Мазаев колыхнулся от смеха.
– Ваша правда, жара-то какая стоит. Не по сезону. Да уж, никто ничего не купит, – повторил он вслед за Никитой, все еще надеясь на согласие. – Эх-ма, снова кучку мусора привезу...
– Но я не специалист во всем... мусоре веков. – Никита усмехнулся.
– У вас природное чутье. Мне не надо объяснять, что именно изображено на старой вещи. Мне нужно, чтобы вы нюхом почуяли – стара ли она на самом деле, не шлифонул ли ее кто-нибудь на французской кухоньке, обновляя, не подводил ли брови гравированной красавице тушью от... какой-нибудь Шанель.
– А вот это уже не мое, – фыркнул Никита. – Не знаком с вещицами от нее.
– Я и сам не знаком.
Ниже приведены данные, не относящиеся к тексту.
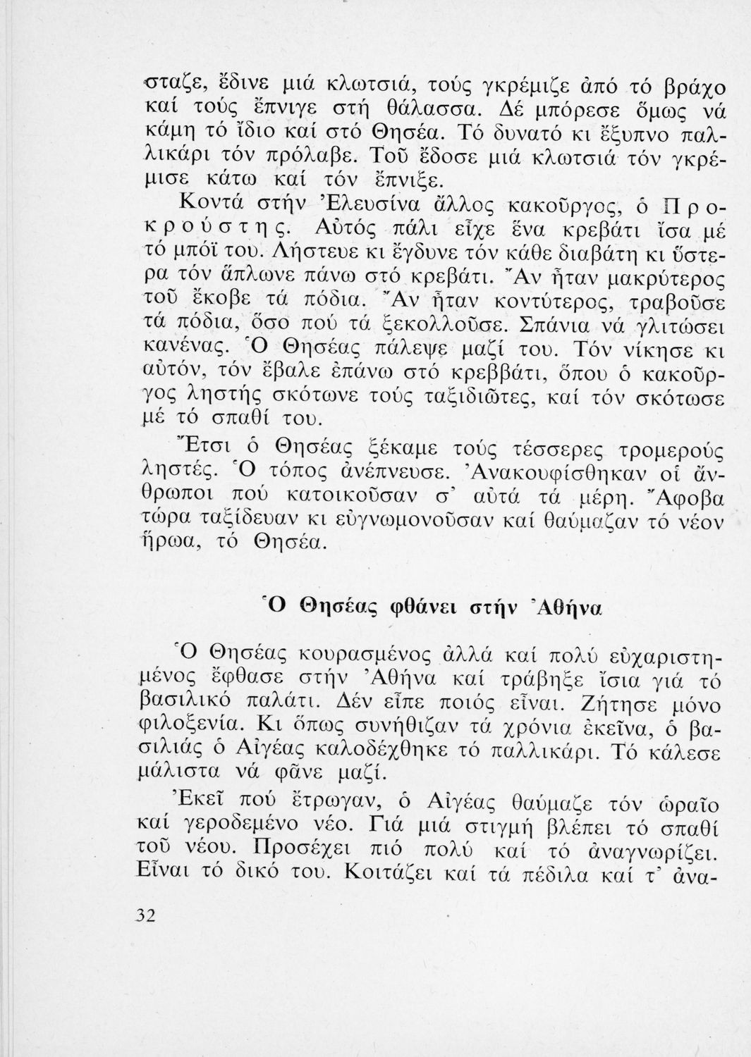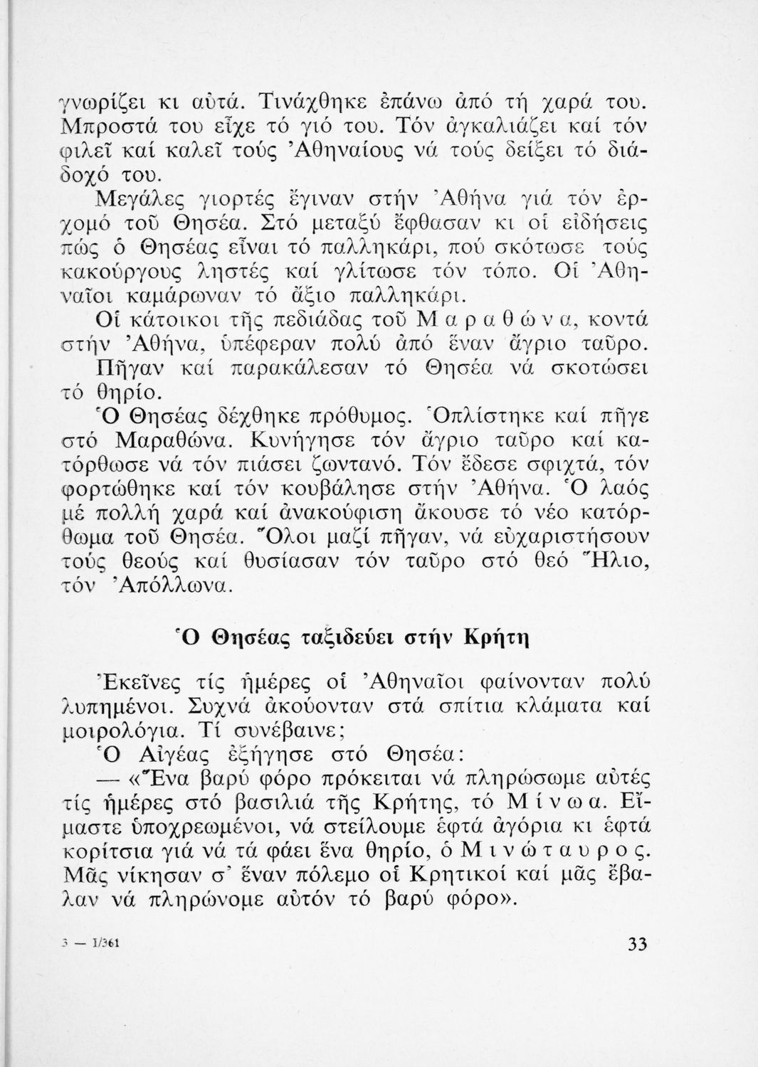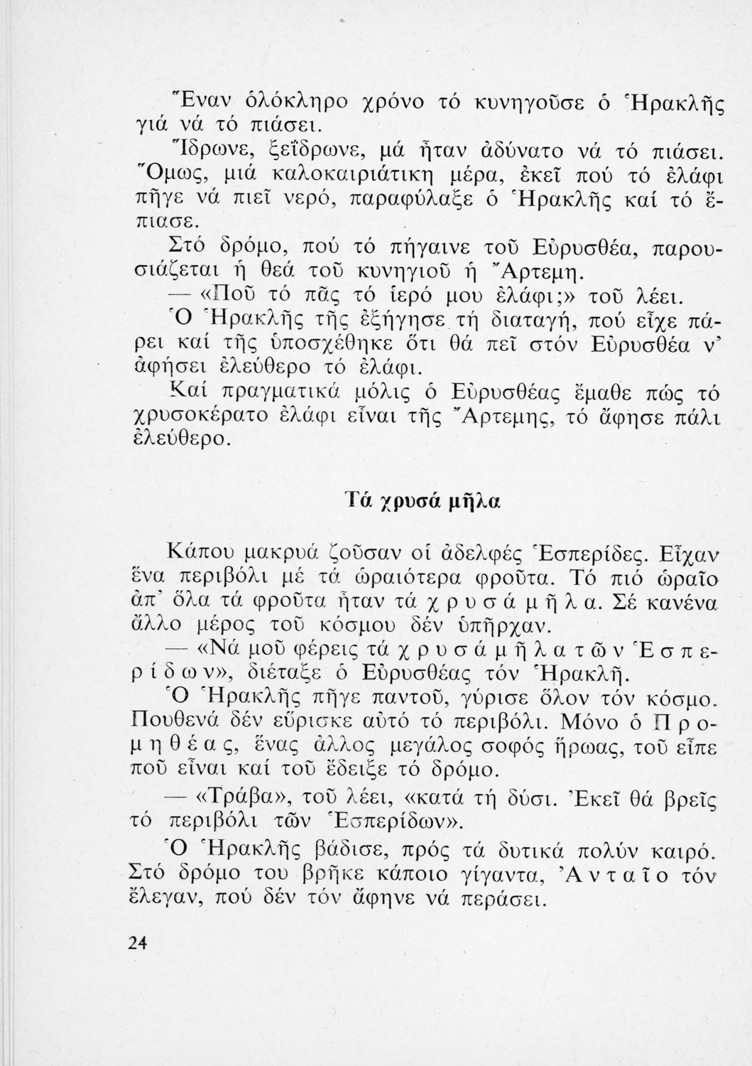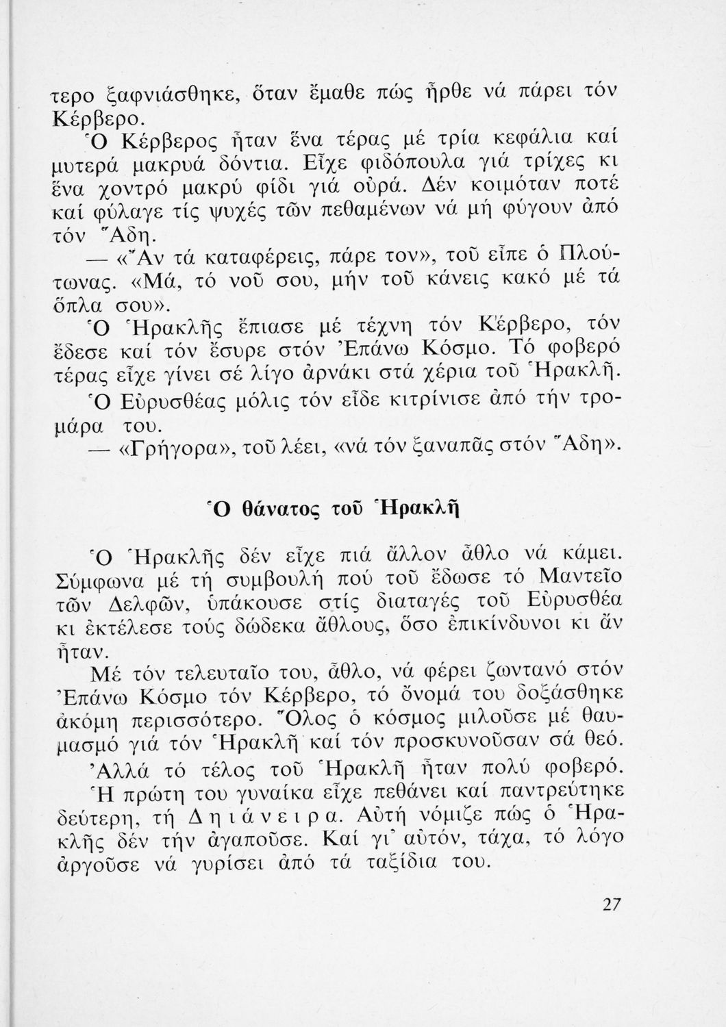 Βαθμίδα εκπαίδευσης: Πρωτοβάθμια Τάξη: Γ' Δημοτικού Μάθημα: Ιστορία Γλώσσα: Δημοτική Παρουσίαση περιεχομένου: Το σύγγραμμα αποτελεί μαθητικό βοήθημα για το μάθημα της Ιστορίας στους μαθητές του Δημοτικού. Αναφέρεται κυρίως στην μυθολογία, τους αρχαίους ήρωες, τους Θεούς του Ολύμπου. Στη συνέχεια αναφέρει τους Περσικούς πολέμους. Η γλώσσα είναι δημοτική και το ύφος απλό. Με ευσύνοπτο τρόπο παρουσιάζονται τα μυθικά χρόνια στους μαθητές προκειμένου να καλλιεργηθεί η εθνική συνείδηση. |

Просто имя на слуху. – Он рассмеялся.
Никита внезапно увидел его всего – от мелких зубов до мелкого смеха. На кого похож? – прикидывал он. Никита наклонил голову набок, заметил чрезмерно толстые для фигуры Мазаева ляжки, обтянутые серыми брюками. На сатира, вот на кого.
Но не в том отрицательном смысле, который приходит на ум сразу, а в первоначальном. Сатиры – это лесные божества, демоны плодородия в свите бога Диониса. Вместе с нимфами – дочерями Зевса – они бродили по лесам, водили хороводы.
– Мне жаль, но нет, – твердо и окончательно заявил Никита. – Я не могу поехать.
– Ладно, Бог с вами. Верность слову – качество полезное. – Мазаев подмигнул ему. – Еще лучше, если бы оно работало на тебя. – Он вздохнул. – Могу ли я звонить вам? Консультироваться от прилавка?
– Конечно, – разрешил Никита. – В любое время. Все, что знаю, не утаю. – Он улыбнулся.
Никите было легко с этим человеком, он давно не имел дела с теми, кто понимал то же, что и он, умел ценить. Более того – оценить его знания.
– Расходы возмещу, не волнуйтесь. Знаем мы, сколько стоит поговорить с хорошим человеком с другого берега, – проворчал Мазаев.
Новый знакомец уехал, Никита сидел за столом, смотрел на коробки, над которыми служил начальником. В них – зонты, зонтики, зонтищи. Он устал читать, играть в карты на компьютере, разгадывать кроссворды и даже думать.
С тех пор как узнал правду о себе в доме Натальи Петровны, ему стало казаться, что он давно заподозрил обман. Он чувствовал его, замечал нечто, чему не умел найти определения. Он кожей ощущал что-то. Это неведомое что-то загоняло его в угол и наконец загнало – в буквальном смысле слова.
Разве он не в углу? Или, может быть, в колодце, как лягушка? Которая, как сказала Ольга, не видела моря и думала, что колодец больше.
Не отрываясь, Никита смотрел на желтоватые картонные коробки с черными, синими, красными надписями на боках. Разноцветные фломастеры, оставившие свой след, держали люди, которые по цепочке передавали зонты друг другу, пока наконец сторожем над ними не стал Никита Дроздов. Солнце проникало через отверстия в клепке металлических листов ангара, отражалось от серого металла, бросало тени. В столбе пыли возникали дрожащие фигуры. Казалось, они бродили между коробок, прятались.